The only feature that needs work to be used in modeling is to make dummy variable to represent traffic type,
There was originally 20 features but based on the plot from earlier, I’ve decided to consolidate a bunch of the classes with a small number of instances to make TrafficType_Other
I’ll first make them dummy variable and then condense the feature space:
# One-hot encoding with fastDummies
library(fastDummies)
## Warning: package 'fastDummies' was built under R version 4.3.3
project_data <- dummy_cols(project_data, select_columns = "TrafficType")
# Create the "TrafficType_Other" variable by summing the selected TrafficTypes
project_data$TrafficType_Other <- (
project_data$TrafficType_19 +
project_data$TrafficType_18 +
project_data$TrafficType_17 +
project_data$TrafficType_16 +
project_data$TrafficType_15 +
project_data$TrafficType_14 +
project_data$TrafficType_12 +
project_data$TrafficType_9 +
project_data$TrafficType_7
)
# Ensure TrafficType_Other is binary (0 or 1)
project_data$TrafficType_Other <- ifelse(project_data$TrafficType_Other > 0, 1, 0)
# Remove the original dummy variables for TrafficTypes included in "Other"
project_data <- project_data |>
dplyr::select(-TrafficType_19, -TrafficType_18, -TrafficType_17, -TrafficType_16,
-TrafficType_15, -TrafficType_14, -TrafficType_12, -TrafficType_9, -TrafficType_7, -TrafficType_4)
Now I’ve got 12 features to represent these classes and I can move on to transformations,
Next, I need to handle the skewness and outliers problem I have with many of my continuous variables
this issue effects exit rates, page values, and both of the two features we just made
to fix it we’ll start by getting the optimal lambda with the boxcox method to determine the best transformation
library(MASS)
##
## Attaching package: 'MASS'
## The following object is masked from 'package:dplyr':
##
## select
# Add a small constant to ExitRates to ensure all values are positive
project_data$ExitRates_shifted <- project_data$ExitRates + 0.001
project_data$pagevalues_shifted <- project_data$PageValues + 0.001
project_data$total_pages_shifted <- project_data$total_pages + 0.001
project_data$ProductRatio_shifted <- 1 - (project_data$ProductRatio)

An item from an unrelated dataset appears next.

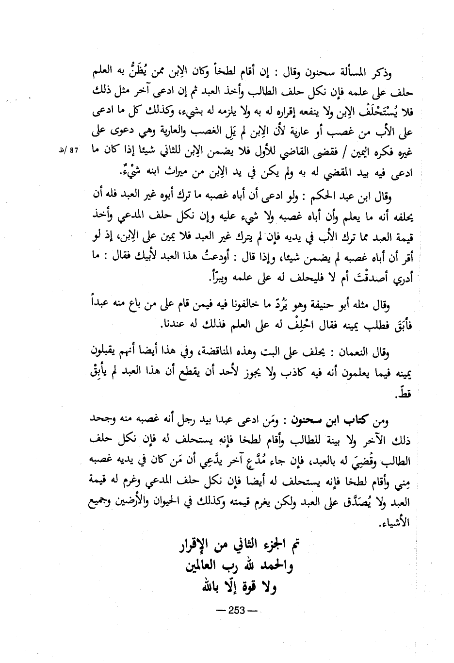 وذكر المسألة سحنون وقال: إن أقام لطخا وكان الابن ممن يظن بة العلم حلف على علمة فإن نكل حلف الطالب وأخذ العبد ثم إن ادعى آخر مثل ذلك فلا يستحلف الابن ولا ينفعة إقرارة لة بة ولا يلزمة لة بشىء، وكذلك كل ما ادعى على الأب من غصب أو عارية لأن الابن لم يل الغصب والعارية وهى دعوى على غيرة فكرة اليمين /فقضى القاضى للأول فلا يضمن الابن للثانى شيئا إذا كان ما 87/ظ ادعى فية بيد المقضى لة بة ولم يكن فى يد الابن من ميراث ابنة شىء. وقال ابن عبد الحكم: ولو ادعى أن أباة غصبة ما ترك أبوة غير العبد فلة أن يحلفة أنة ما يعلم وأن أباة غصبة ولا شىء علية وإن نكل حلف المدعى وأخذ قيمة العبد مما ترك الأب فى يدية فإن لم يترك غير العبد فلا يمين على الابن، إذ لو أقر أن أباة غصبة لم يضمن شيئا، وإذا قال: أودعت هذا العبد لأبيك فقال: ما أدرى أصدقت أم لا فليحلف لة على علمة ويبرأ. وقال مثلة أبو حنيفة وهو ير ما خالفونا فية فيمن قام على من باع منة عبدا فأبق فطلب يمينة فقال احلف لة على العلم فذلك لة عندنا. وقال النعمان: يحلف على البت وهذة المناقضة، وفى هذا أيضا أنهم يقبلون يمينة فيما يعلمون أنة فية كاذب ولا يجوز لأحد أن يقطع أن هذا العبد لم يأبق قط. ومن كتاب ابن سحنون: ومن ادعى عبدا بيد رجل أنة غصبة منة وجحد ذلك الآخر ولا بينة للطالب وأقام لطخا فإنة يستحلف لة فإن نكل حلف الطالب وقضى لة بالعبد، فإن جاء مدع آخر يدعى أن من كان فى يدية غصبة منى وأقام لطخا فإنة يستحلف لة أيضا فإن نكل حلف المدعى وغرم لة قيمة العبد ولا يصدق على العبد ولكن يغرم قيمتة وكذلك فى الحيوان والارضين وجميع الأشياء.

# Apply the Box-Cox transformation to determine the optimal lambda for the shifted variable
boxcox_result <- boxcox(lm(ExitRates_shifted ~ 1, data = project_data),
lambda = seq(-2, 2, by = 0.1))
# Apply Box-Cox for PageValues
boxcox_pagevalues <- boxcox(lm(pagevalues_shifted ~ 1, data = project_data),
lambda = seq(-2, 2, by = 0.1))
# Apply Box-Cox for total_pages
boxcox_total_pages <- boxcox(lm(total_pages_shifted ~ 1, data = project_data),
lambda = seq(-2, 2, by = 0.1))
# Apply Box-Cox for product_ratio
boxcox_ProductRatio <- boxcox(lm(ProductRatio_shifted ~ 1, data = project_data),
lambda = seq(-2, 2, by = 0.1))
# Find the optimal lambda
optimal_lambda_exitrates <- boxcox_result$x[which.max(boxcox_result$y)]
cat("ExitRates lambda:", optimal_lambda_exitrates, "\n")
## ExitRates lambda: 0.02020202
# Identify optimal lambda for PageValues
optimal_lambda_pagevalues <- boxcox_pagevalues$x[which.max(boxcox_pagevalues$y)]
cat("Optimal lambda for PageValues:", optimal_lambda_pagevalues, "\n")
## Optimal lambda for PageValues: -0.4242424
# Identify optimal lambda for total_pages
optimal_lambda_total_pages <- boxcox_total_pages$x[which.max(boxcox_total_pages$y)]
cat("Optimal lambda for Total Pages:", optimal_lambda_total_pages, "\n")
## Optimal lambda for Total Pages: 0.1414141
# Find the optimal lambda
optimal_lambda_ProductRatio <- boxcox_result$x[which.max(boxcox_ProductRatio$y)]
cat("ProductRatio lambda:", optimal_lambda_ProductRatio, "\n")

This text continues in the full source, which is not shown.